# [Task prompt]
In the entries below, find the line with "プリーツ仕立てのボリュームフリルで足元を華やかに彩るサンダル。" and the line with "Fototapeta premium Ornamental"; copy them and every line between them exactly, but not the pictures.
================================
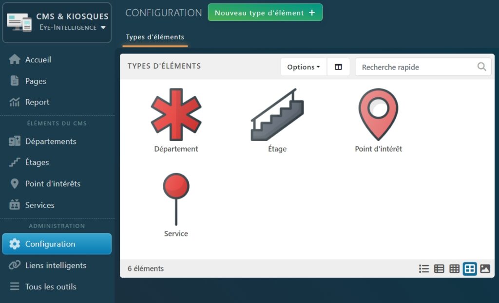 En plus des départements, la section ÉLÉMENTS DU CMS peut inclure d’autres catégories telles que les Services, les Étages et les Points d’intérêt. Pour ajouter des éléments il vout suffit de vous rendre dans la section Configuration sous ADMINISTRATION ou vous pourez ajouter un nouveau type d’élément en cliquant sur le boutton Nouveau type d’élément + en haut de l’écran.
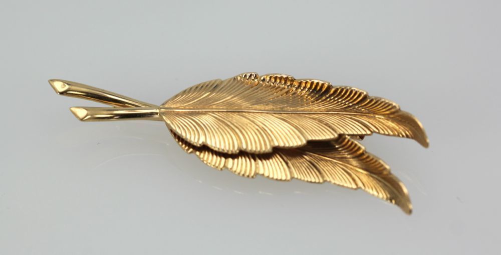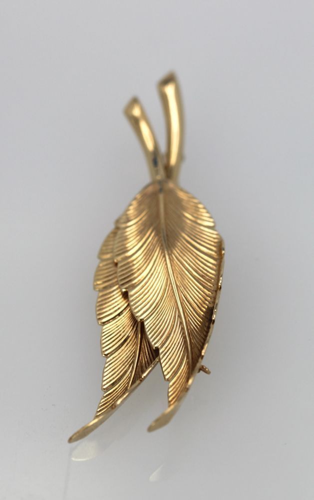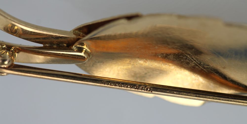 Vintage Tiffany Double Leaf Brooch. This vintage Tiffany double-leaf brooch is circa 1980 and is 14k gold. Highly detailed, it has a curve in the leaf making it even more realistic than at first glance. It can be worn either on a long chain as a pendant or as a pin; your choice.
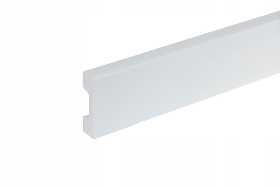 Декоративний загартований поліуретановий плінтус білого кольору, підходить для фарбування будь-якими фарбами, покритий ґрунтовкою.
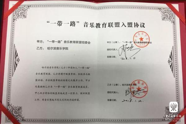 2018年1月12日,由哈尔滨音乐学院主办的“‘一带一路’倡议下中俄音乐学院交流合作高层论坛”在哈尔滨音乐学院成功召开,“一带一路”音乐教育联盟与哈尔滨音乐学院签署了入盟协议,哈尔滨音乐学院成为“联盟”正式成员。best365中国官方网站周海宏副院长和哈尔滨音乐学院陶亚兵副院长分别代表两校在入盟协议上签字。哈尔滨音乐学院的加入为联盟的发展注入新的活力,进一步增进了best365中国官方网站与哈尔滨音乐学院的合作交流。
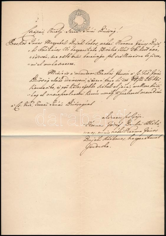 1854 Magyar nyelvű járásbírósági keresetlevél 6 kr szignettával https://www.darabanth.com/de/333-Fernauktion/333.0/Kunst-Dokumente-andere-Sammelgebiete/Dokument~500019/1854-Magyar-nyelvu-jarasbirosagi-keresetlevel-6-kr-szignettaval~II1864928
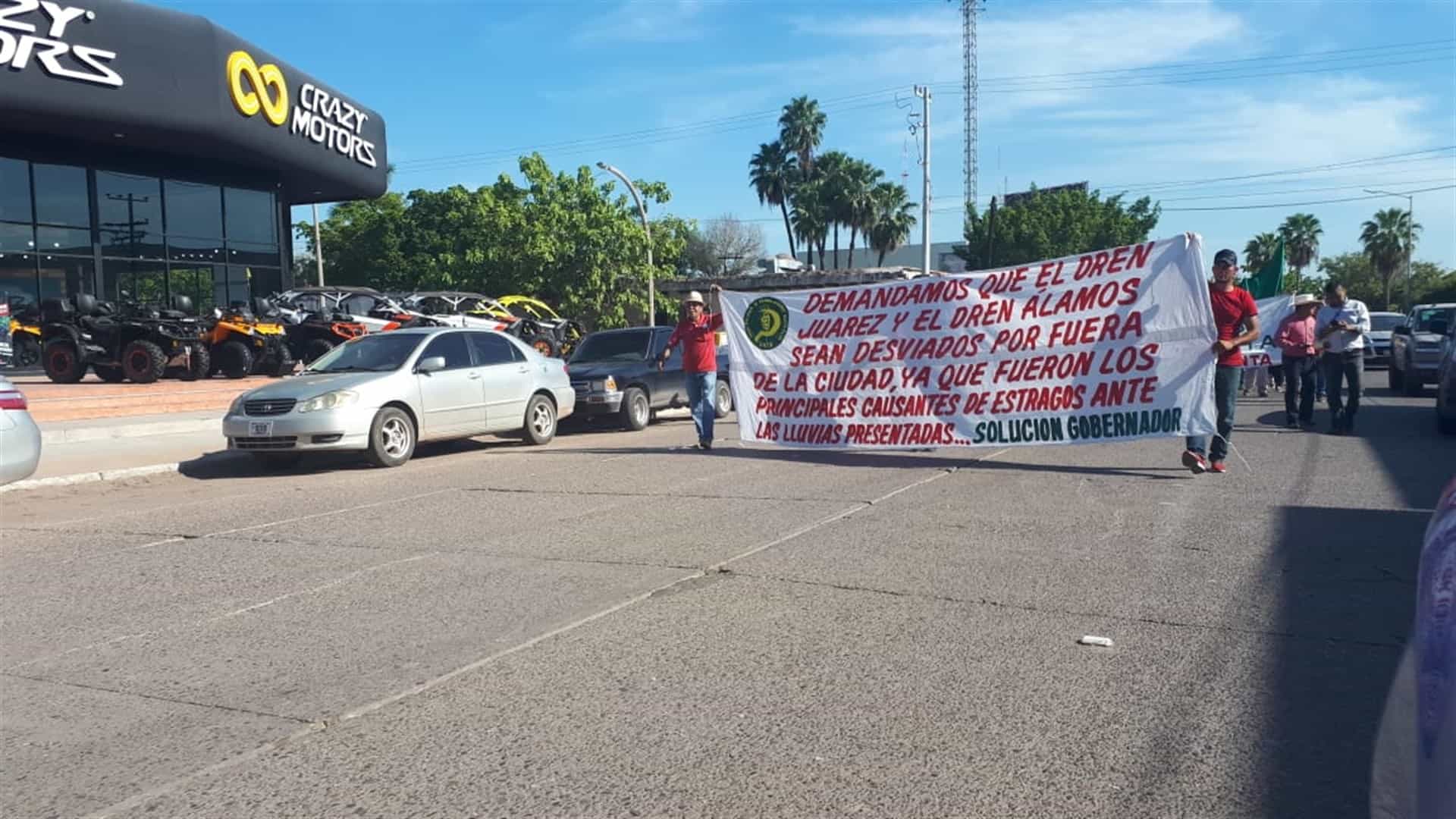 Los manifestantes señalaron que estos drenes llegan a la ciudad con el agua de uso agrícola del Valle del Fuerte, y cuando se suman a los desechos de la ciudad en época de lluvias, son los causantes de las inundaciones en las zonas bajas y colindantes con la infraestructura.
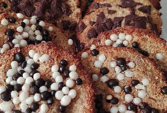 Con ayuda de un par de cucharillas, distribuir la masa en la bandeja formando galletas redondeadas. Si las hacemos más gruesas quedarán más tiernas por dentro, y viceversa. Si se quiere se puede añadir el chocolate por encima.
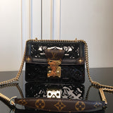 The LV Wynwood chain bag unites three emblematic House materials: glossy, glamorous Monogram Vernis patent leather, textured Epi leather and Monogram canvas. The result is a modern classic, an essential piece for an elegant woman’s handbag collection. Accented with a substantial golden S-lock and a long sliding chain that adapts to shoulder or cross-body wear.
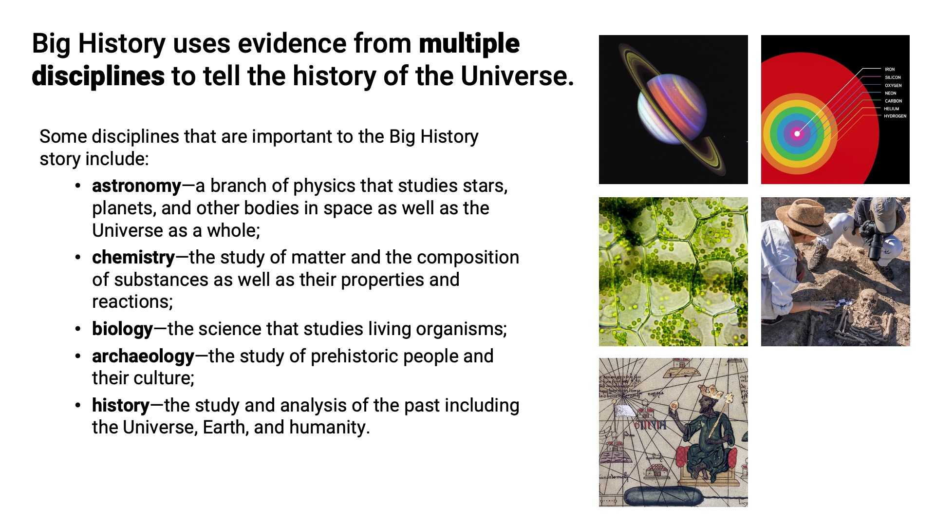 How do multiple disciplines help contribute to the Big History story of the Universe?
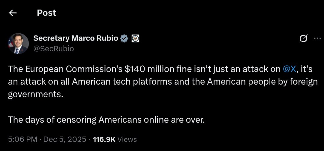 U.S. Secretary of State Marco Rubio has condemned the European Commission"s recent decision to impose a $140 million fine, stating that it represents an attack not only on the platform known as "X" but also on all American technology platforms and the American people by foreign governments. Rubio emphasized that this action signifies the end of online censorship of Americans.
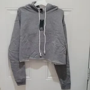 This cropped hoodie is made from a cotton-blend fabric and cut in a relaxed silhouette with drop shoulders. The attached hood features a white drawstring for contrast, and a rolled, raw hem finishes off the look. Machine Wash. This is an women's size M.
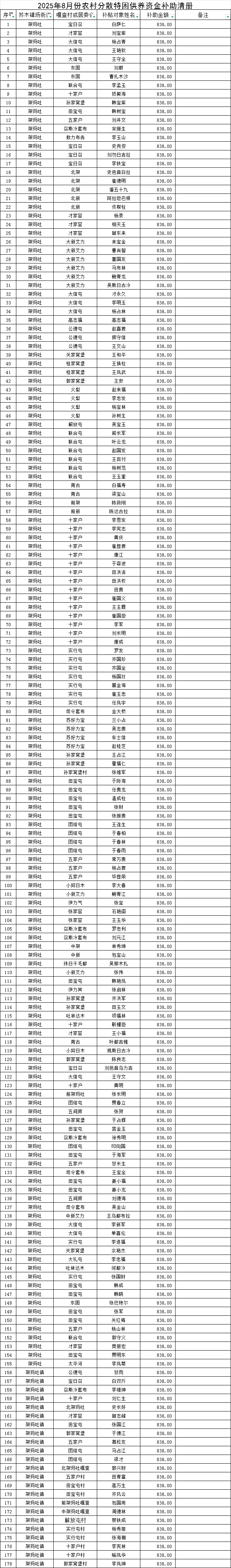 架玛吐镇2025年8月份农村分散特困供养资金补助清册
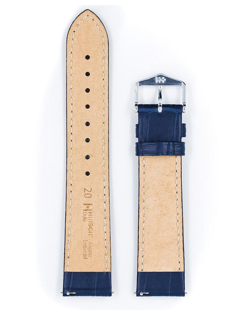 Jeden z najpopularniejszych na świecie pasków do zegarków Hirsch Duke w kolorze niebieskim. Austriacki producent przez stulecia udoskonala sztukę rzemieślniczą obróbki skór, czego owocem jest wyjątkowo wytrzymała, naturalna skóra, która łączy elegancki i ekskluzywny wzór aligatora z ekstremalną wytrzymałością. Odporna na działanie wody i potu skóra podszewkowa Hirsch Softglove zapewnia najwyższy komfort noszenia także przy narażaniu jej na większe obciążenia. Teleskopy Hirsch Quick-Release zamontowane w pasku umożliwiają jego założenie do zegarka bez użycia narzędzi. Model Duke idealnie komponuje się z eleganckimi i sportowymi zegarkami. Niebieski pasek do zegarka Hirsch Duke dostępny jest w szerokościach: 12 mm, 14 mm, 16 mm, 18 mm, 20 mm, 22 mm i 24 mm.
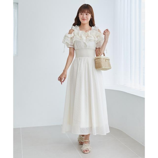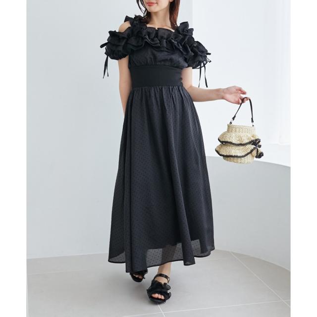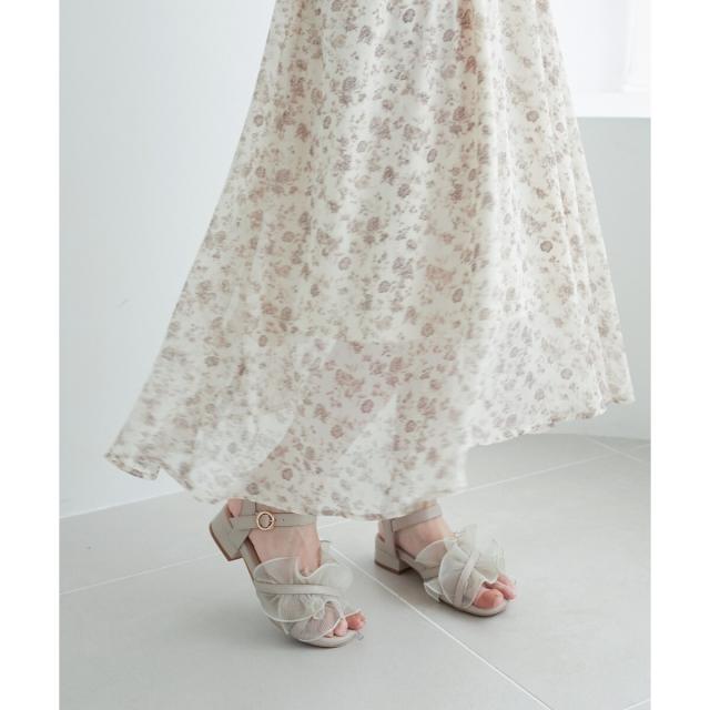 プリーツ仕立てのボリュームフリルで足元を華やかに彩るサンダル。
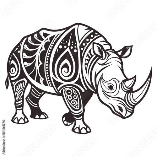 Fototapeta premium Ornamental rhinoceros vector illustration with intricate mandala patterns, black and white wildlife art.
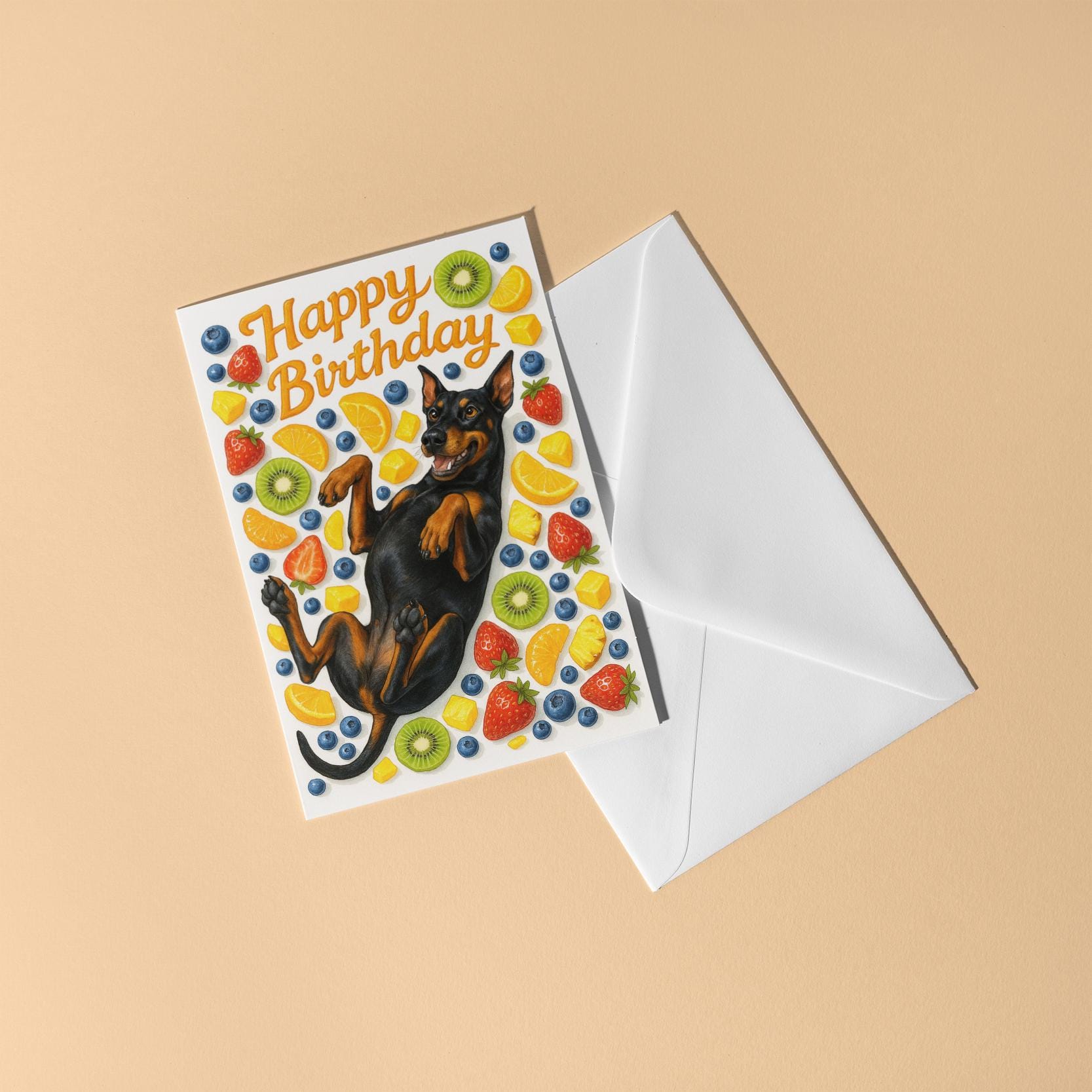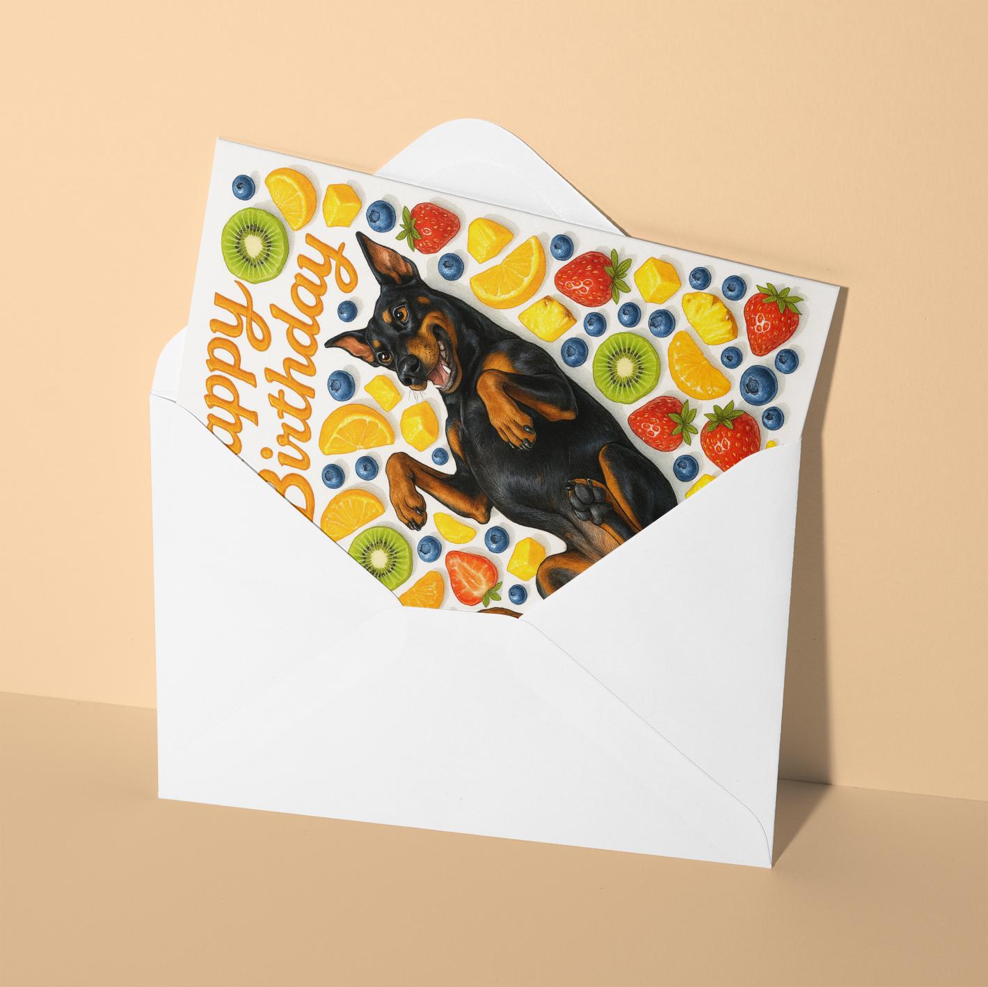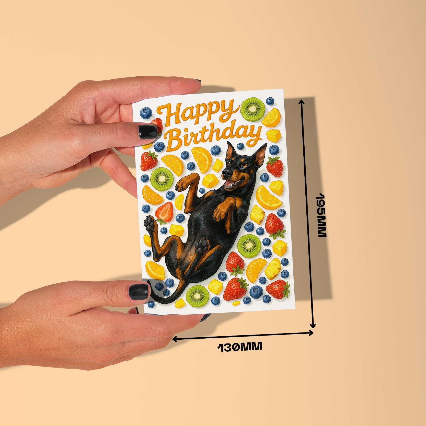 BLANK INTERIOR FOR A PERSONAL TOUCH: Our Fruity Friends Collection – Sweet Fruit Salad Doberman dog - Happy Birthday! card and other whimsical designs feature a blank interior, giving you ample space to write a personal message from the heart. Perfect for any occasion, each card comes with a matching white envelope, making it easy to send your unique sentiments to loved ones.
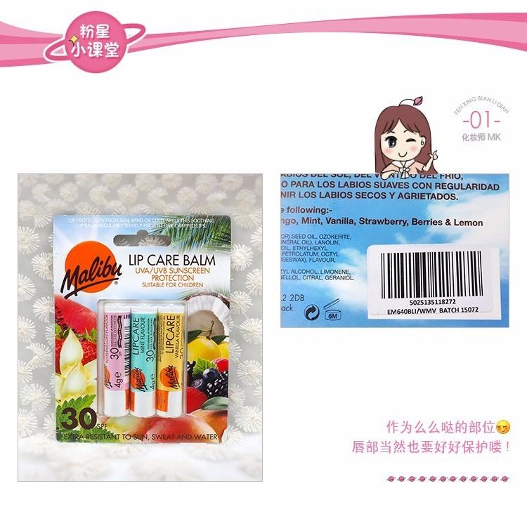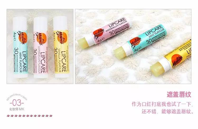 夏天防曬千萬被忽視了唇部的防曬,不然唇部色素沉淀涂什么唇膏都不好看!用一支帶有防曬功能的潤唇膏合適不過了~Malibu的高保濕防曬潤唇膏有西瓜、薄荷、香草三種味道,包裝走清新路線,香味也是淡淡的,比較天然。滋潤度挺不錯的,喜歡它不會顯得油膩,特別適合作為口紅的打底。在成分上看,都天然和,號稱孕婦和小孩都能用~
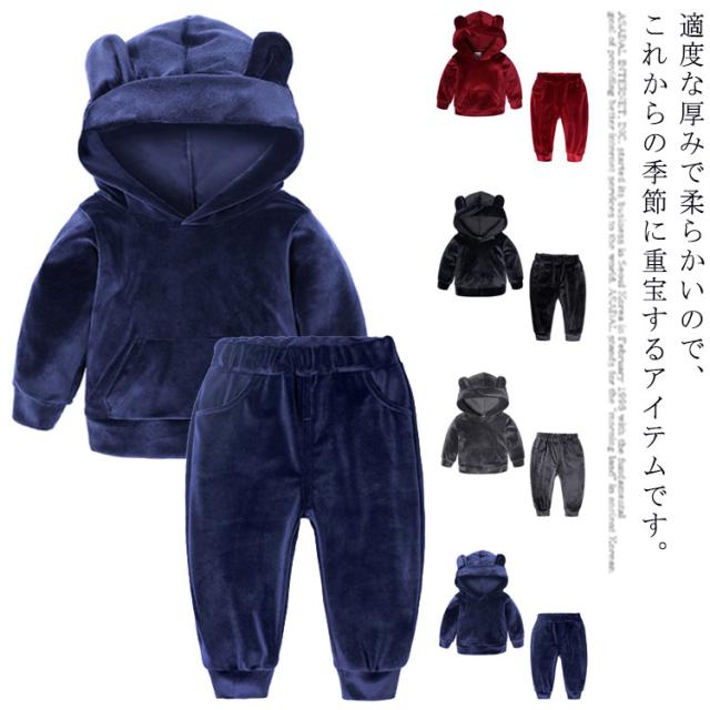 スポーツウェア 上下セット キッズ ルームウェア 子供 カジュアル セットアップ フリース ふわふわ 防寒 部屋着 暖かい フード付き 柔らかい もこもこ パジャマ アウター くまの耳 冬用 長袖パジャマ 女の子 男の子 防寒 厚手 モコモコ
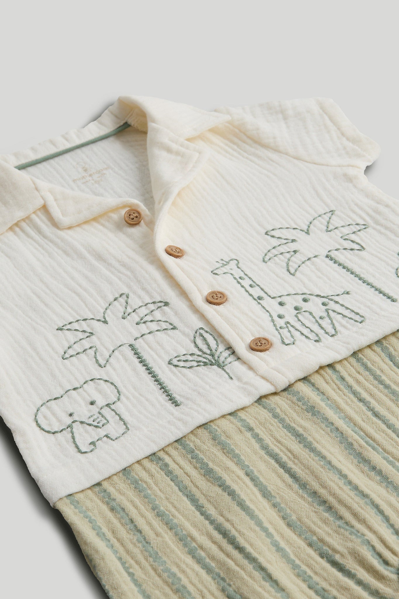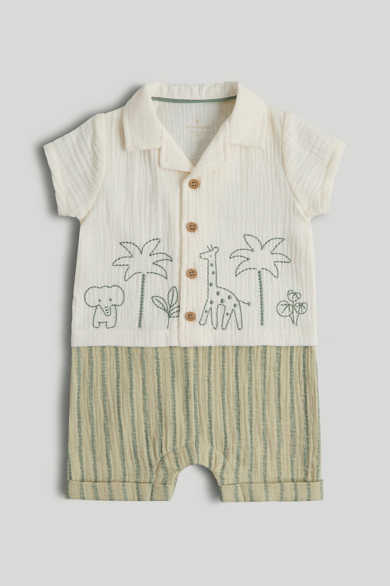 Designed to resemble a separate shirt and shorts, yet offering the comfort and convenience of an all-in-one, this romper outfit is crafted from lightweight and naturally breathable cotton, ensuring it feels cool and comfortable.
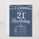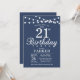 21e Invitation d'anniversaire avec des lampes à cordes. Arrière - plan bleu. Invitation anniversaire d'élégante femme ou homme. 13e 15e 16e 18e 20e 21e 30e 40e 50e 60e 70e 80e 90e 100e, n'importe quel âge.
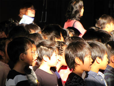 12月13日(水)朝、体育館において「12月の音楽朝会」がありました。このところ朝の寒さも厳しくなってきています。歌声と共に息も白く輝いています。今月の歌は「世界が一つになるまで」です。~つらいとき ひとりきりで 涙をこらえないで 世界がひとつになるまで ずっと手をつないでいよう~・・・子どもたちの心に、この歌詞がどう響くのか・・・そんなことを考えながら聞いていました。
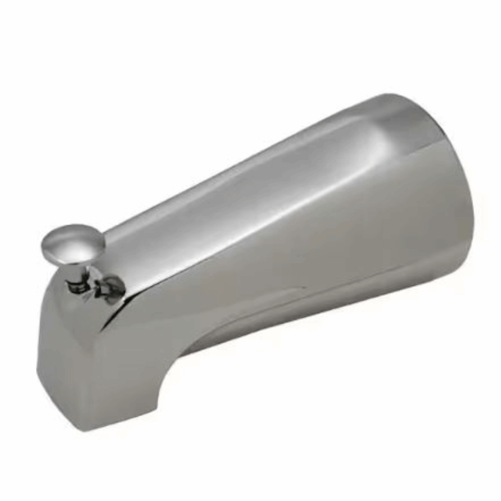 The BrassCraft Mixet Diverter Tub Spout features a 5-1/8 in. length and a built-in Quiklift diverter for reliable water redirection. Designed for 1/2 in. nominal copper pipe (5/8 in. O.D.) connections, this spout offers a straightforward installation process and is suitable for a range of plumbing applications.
================================
# [Written answer]
 プリーツ仕立てのボリュームフリルで足元を華やかに彩るサンダル。
 Fototapeta premium Ornamental rhinoceros vector illustration with intricate mandala patterns, black and white wildlife art.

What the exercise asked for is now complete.